Exercise details:
In the entries below, find the line with "HP-80 & HP-84" and the line with "Discussion in progress on the 5S system". Repeat exactly everything between them, those two lines included, but not the pictures.

Extracted information:
------------------------------------------------------------------------
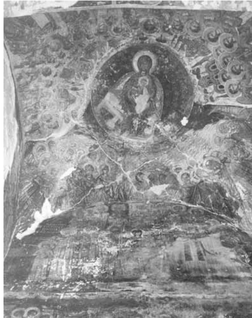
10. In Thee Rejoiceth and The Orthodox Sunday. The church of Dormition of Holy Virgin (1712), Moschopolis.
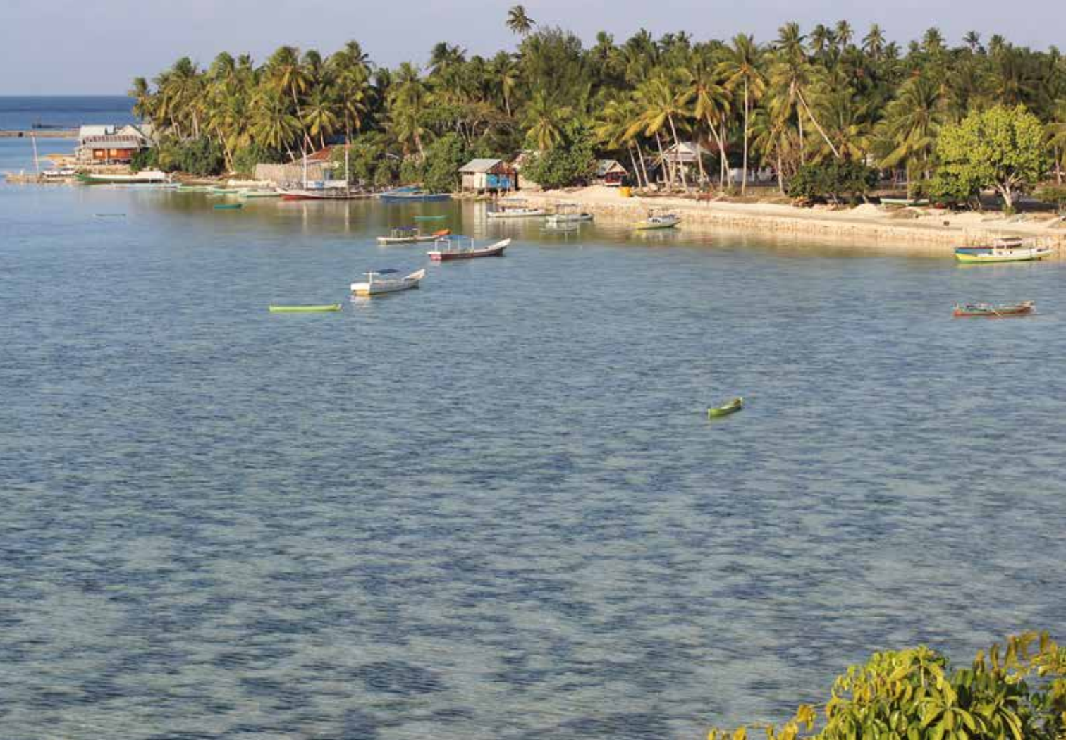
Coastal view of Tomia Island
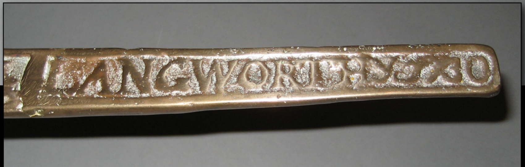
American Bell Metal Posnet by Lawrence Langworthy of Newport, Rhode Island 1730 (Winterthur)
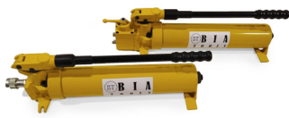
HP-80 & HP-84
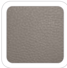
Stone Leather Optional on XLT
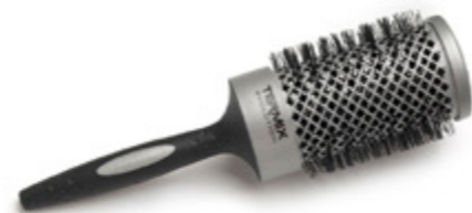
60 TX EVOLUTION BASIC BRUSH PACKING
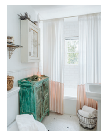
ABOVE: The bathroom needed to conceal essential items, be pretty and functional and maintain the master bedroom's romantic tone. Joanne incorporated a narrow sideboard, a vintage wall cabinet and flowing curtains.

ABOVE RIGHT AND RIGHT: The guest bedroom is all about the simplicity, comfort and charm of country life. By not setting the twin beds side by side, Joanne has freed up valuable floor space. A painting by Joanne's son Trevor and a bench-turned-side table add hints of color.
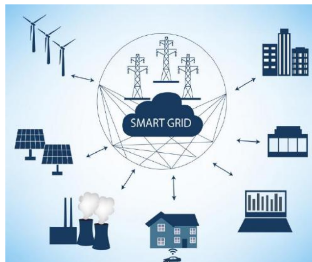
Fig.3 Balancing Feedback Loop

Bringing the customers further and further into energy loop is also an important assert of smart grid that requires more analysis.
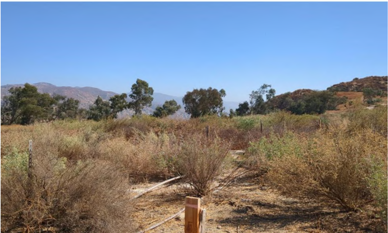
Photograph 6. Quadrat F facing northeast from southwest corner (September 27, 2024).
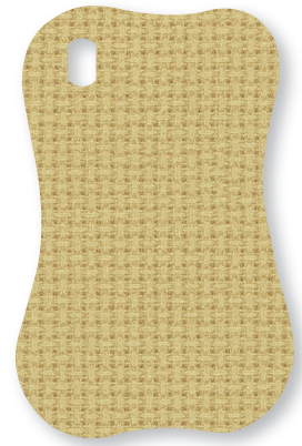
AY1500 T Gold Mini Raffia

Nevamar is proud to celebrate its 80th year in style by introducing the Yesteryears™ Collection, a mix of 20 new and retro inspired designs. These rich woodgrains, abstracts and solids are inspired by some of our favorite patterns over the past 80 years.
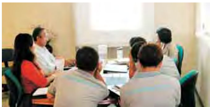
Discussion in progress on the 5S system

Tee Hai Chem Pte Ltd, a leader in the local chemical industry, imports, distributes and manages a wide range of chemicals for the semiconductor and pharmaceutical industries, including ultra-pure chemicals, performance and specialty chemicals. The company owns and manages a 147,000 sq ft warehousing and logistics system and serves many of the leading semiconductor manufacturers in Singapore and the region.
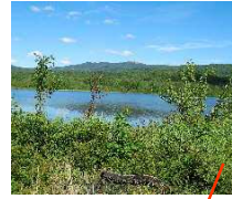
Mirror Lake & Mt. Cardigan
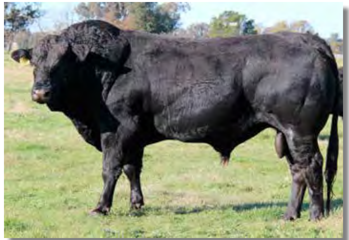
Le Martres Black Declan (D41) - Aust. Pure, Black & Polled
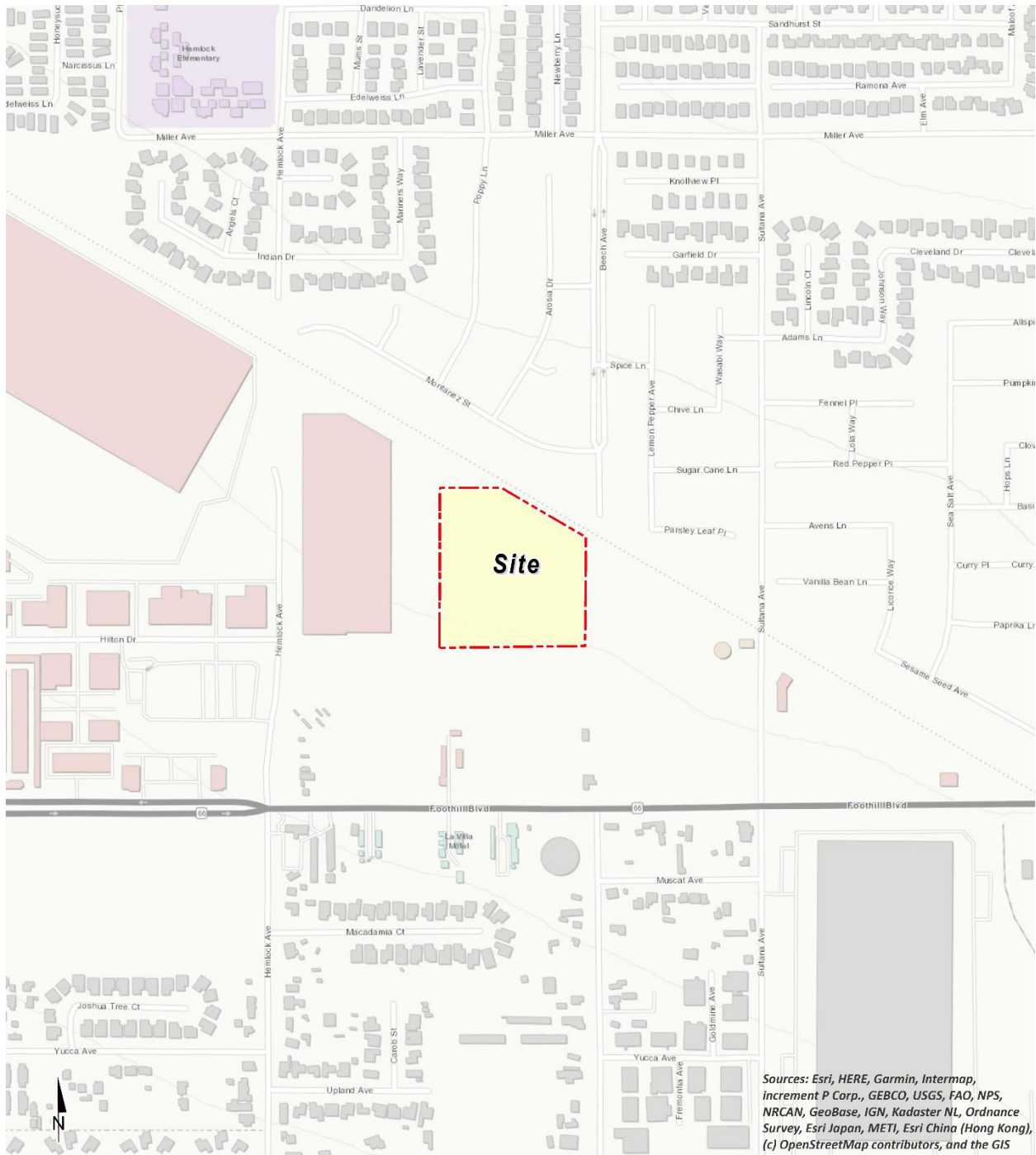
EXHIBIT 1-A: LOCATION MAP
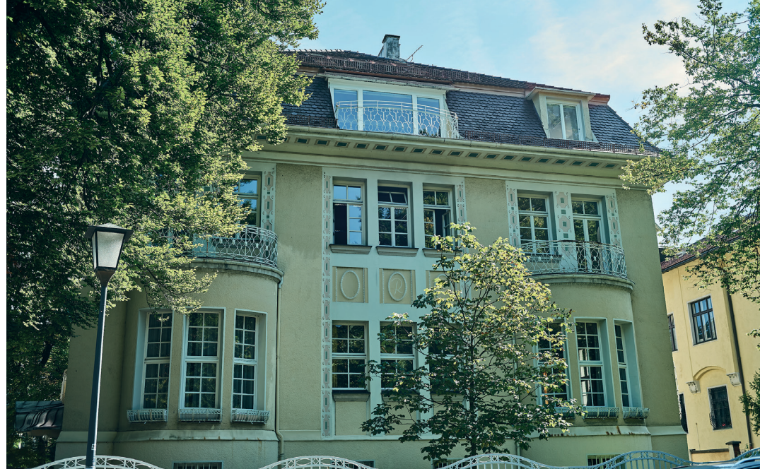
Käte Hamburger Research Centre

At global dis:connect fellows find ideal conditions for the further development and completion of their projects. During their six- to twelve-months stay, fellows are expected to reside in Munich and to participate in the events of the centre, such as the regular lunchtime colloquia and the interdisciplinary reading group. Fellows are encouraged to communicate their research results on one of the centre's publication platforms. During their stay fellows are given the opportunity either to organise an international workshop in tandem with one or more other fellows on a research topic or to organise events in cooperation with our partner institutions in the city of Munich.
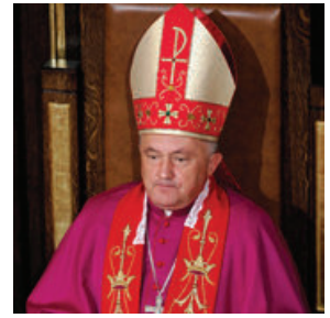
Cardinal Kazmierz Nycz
------------------------------------------------------------------------
Solution to the exercise:
HP-80 & HP-84
Stone Leather Optional on XLT
60 TX EVOLUTION BASIC BRUSH PACKING
ABOVE: The bathroom needed to conceal essential items, be pretty and functional and maintain the master bedroom's romantic tone. Joanne incorporated a narrow sideboard, a vintage wall cabinet and flowing curtains.

ABOVE RIGHT AND RIGHT: The guest bedroom is all about the simplicity, comfort and charm of country life. By not setting the twin beds side by side, Joanne has freed up valuable floor space. A painting by Joanne's son Trevor and a bench-turned-side table add hints of color.
Fig.3 Balancing Feedback Loop

Bringing the customers further and further into energy loop is also an important assert of smart grid that requires more analysis.
Photograph 6. Quadrat F facing northeast from southwest corner (September 27, 2024).
AY1500 T Gold Mini Raffia

Nevamar is proud to celebrate its 80th year in style by introducing the Yesteryears™ Collection, a mix of 20 new and retro inspired designs. These rich woodgrains, abstracts and solids are inspired by some of our favorite patterns over the past 80 years.
Discussion in progress on the 5S system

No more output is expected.